Hospitals’ charity care spending and other community benefits may carry more weight in a new online ranking system that goes beyond traditional quality and safety information.
The not-for-profit Lown Institute developed the ranking system, which launched Tuesday and evaluates charity care spending, the amount of low-value services hospitals provide and their patient demographics compared with the community. Other popular ranking systems such CMS’ star ratings and those the Leapfrog Group and U.S. News and World Report largely rely g on outcomes measures to help consumers decide where to get care.
While the Lown Institute includes the typical Medicare quality measures in its ranking system, it also uses data from IRS 990 forms, SEC filings, CMS and the Labor Department to demonstrate how well hospitals are leveraging their role in their communities. Unlike other ranking systems, it is not intended for patients to shop around for services, but rather for healthcare executives and policymakers to examine the role of the nation’s hospitals in a different way.
“What we are showing isn’t news—there is a certain amount of inequity in healthcare,” said Dr. Vikas Saini, president of the Lown Institute. “But what we have tried to do is paint this picture in a way that allows everyone to see it and all of us to think about how to do things better.”
The ranking system uses three categories to evaluate hospital performance: patient outcomes, civic leadership and value of care. Each category is weighted at 50%, 30% and 20% respectively. Overall, 42 metrics are used in the rankings.
There are 3,359 hospitals included in the Lown Institute’s ranking system, with each receiving an overall letter grade and a separate grade for its performance in each category.
The American Hospital Association slammed the Lown Institute’s ranking system, saying its definition of community benefit is “too narrow” and doesn’t recognize many ways hospitals contribute to medical research and professional training.
“The report uses confusing definitions and makes sweeping conclusions about hospital performance based on an incomplete set of data sources,” said Nancy Foster, vice president of quality and patient safety policy at the AHA, in a statement.
The system also doesn’t acknowledge that hospitals subsidize care for low-income patients due to lower payment from Medicaid, Foster said.
“The fact is that this report falls far short of criteria the AHA has endorsed for quality report cards and rating systems,” she said.
Saini admits the data used in the ranking system is limited but that’s a result of the information available at this time. He said CMS offers the most transparent look at claims data that commercial payers still keep hidden.
“There is not enough good national data for us to get a 360-degree view of hospitals in the healthcare system,” he said.
In its methodology report, the Lown Institute said it excluded research and professional development training funds spent by hospitals because “these types of community benefit have been criticized in the health policy and health services literature as not directly benefiting community health.”
Saini added that the Lown Institute was often limited in the data it could find for hospitals regarding community benefit spending and pay of CEOs as organizations report that information differently and some are more transparent than others. A 2018 Modern Healthcare in-depth report of hospital tax forms also found similar concerns.

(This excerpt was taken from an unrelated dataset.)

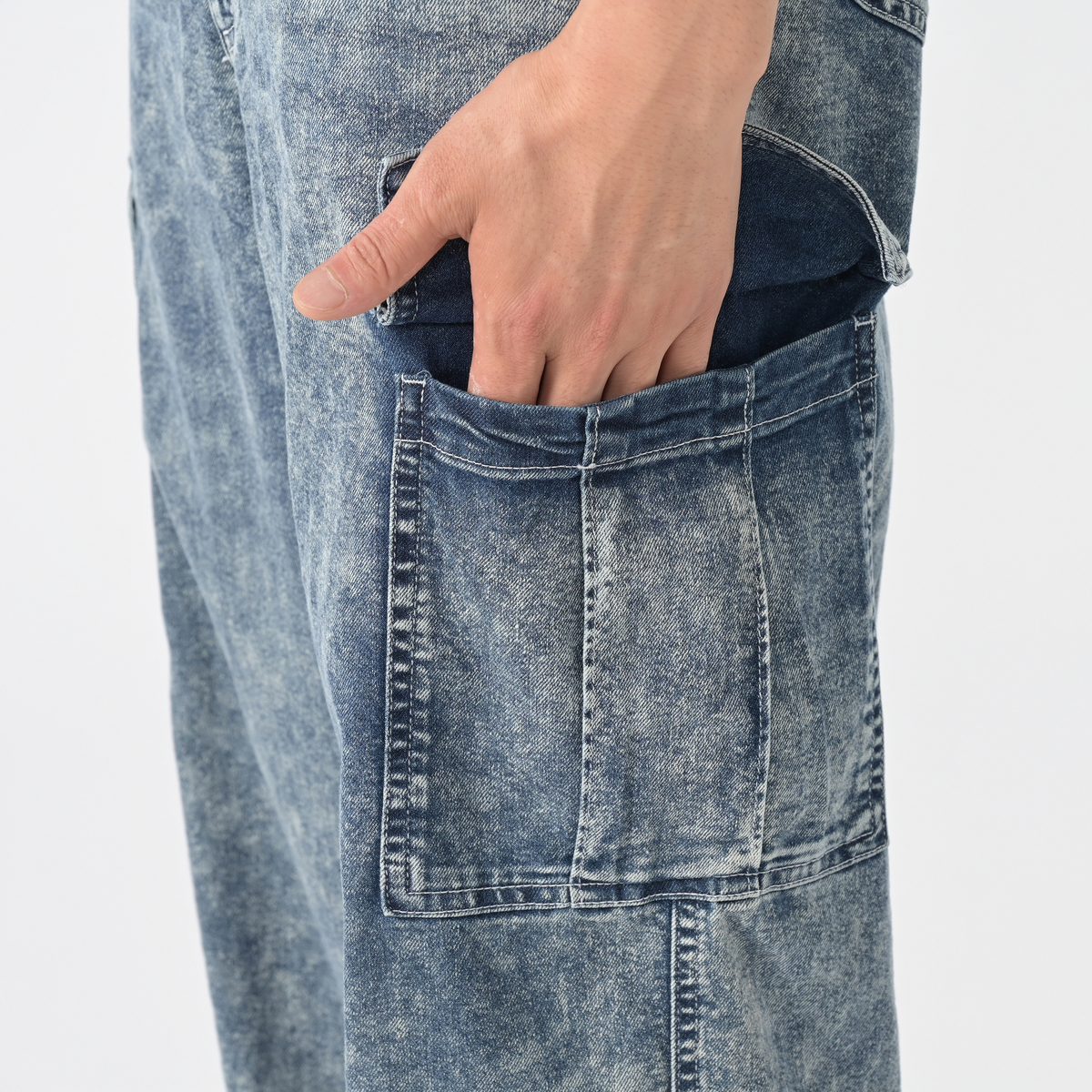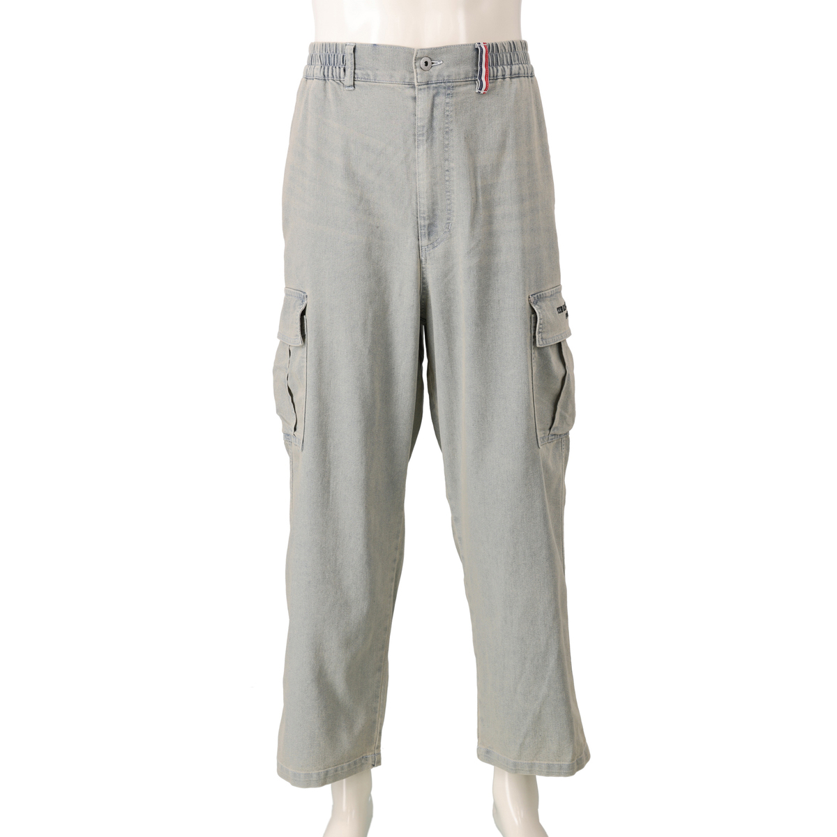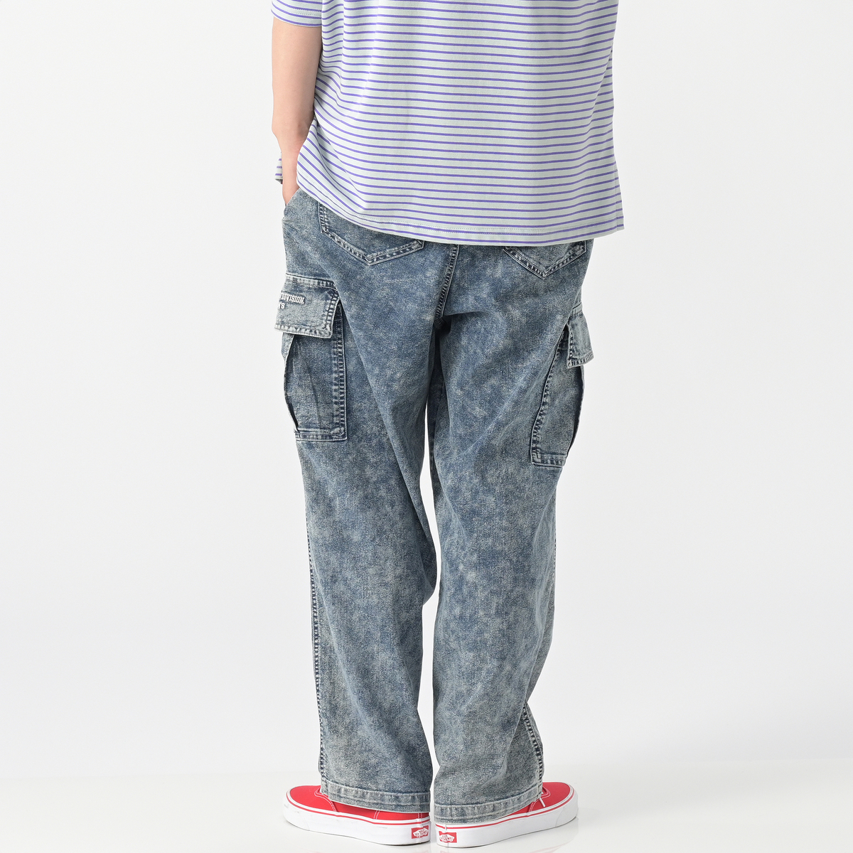 薄手のデニム素材で暑い季節も快適なカーゴパンツです。色合いや風合いにこだわった製品加工を施し、カジュアルな中にも個性が光ります。ストレートワイドなシルエットが若々しく、ゆったりしたサイズ感でダボっと穿くのがおすすめです

Dr. John Mafi, an assistant professor of internal medicine at UCLA who has researched low-value care and quality measurement, took issue with some of the measures used by the Lown Institute to evaluate low-value care. The ranking system uses the rate of use of 13 services to determine if a hospital avoids overuse of services that don’t add value to the patient.
The problem is, Mafi said, that many of the measures haven’t been rigorously validated to indicate every time that the services turn out to be low value.
“Some of the measures they talk about, they use the terminology ‘always overuse’ metrics, and I don’t agree with that language,” he said. “I’m a primary-care physician and an expert on overuse, and I see a lot of gray.”
Saini said the ranking system is far from perfect and may even have errors, but he’s hopeful it will start a conversation in the industry about how hospitals operate in communities.
“What we have achieved is a first-time effort to gauge performance in a new way,” he said. “Many renowned hospitals struggle to advance equity in their region.”